In fact, we tried to deliberate on what I said with the students. But you see Ambassador Yahyah Mahmoud went to the National Library in France to find out who was correct. He now looked at it then discovered that at the end of the day I was correct. Then, Ambassador Ebenezer Olusanmokun was Head Of Chancery. I think Ambassador Mahmoud now told him to ask him if I wanted to be a translator and I think by that time probably there was a directive from Lagos that they should get Nigerians who can translate rather than allowing a French man. That was why Olusemokun invited me and by that time I was a concierge. Please it is as simple as that. I started as a protocol assistant, assisting then Mr. Seye Davies. Why?
This is because many of the documents whenever they needed in the French system, I know the library, the books since I was there. And at that time too, Nigerian government was working on a publication Nigeria in relation with its neighboring countries and so they sent a group of researchers to come to France. That was how I was brought in in terms of protocol to assist in this translation. My intervention during this process leds us to the basis of how I became the DG, NIIA. This is the beauty of it all. You see when you have Nigerians who are not ethnic chauvinists. Mahmoud Yahyah and one other compatriot asked me to submit my CV.
The secretary told me and I said submit for what? I am a locally recruited staff. I said he wants to report me for what? So, I gave him. Mahmoud Yahyah now called me to say I want you to go back home to Ministry of Foreign Affairs that they need a French background person. I told him that Professor Olajide Aluko wanted me to come to Ife and be a Lecturer.
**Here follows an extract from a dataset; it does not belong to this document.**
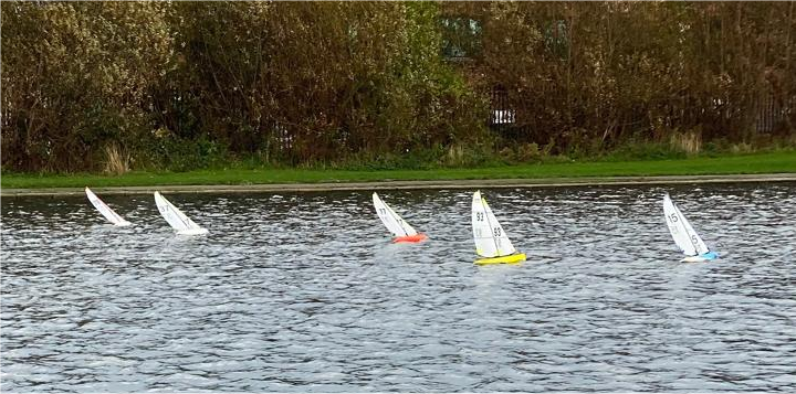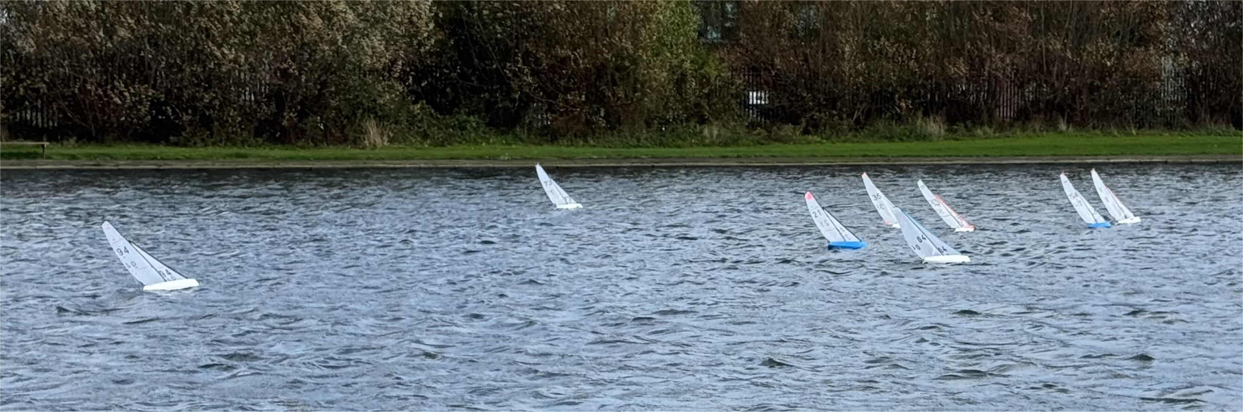 A quick change to B rig, and somewhat in the running order. Mikedsp had been on the pace on A rig, but successfully found the slow buttons on B rig, while PaulP, John C, James, Clive and PaulL all showed excellent boatspeed resulting in some very close racing. Unfortunately, this had eliminated Andy Mearns as he had only brought A+ but he very kindly agreed to stay and RO for the morning.

He had actually sent Rafiu Akimwale, who will be coming from Canada passing through Paris that they should interview me and bring me home. I said I want to go and be an academic. He told me if the issue is academic, why not go to NIIA.
It is a research institution. He now said I should please go there and I said okay. He didn’t tell me that he had already sent my papers to foreign ministry or NIIA. But when I said alright, he now sent my papers. This is a Northerner saying we have a fantastic Nigerian scholar here. We must not miss them. When we are talking about unity, we have some Nigerians who are in a position to build a vibrant, very strong united Nigeria. Now, they asked me to go home and I should first of all report to the NIIA.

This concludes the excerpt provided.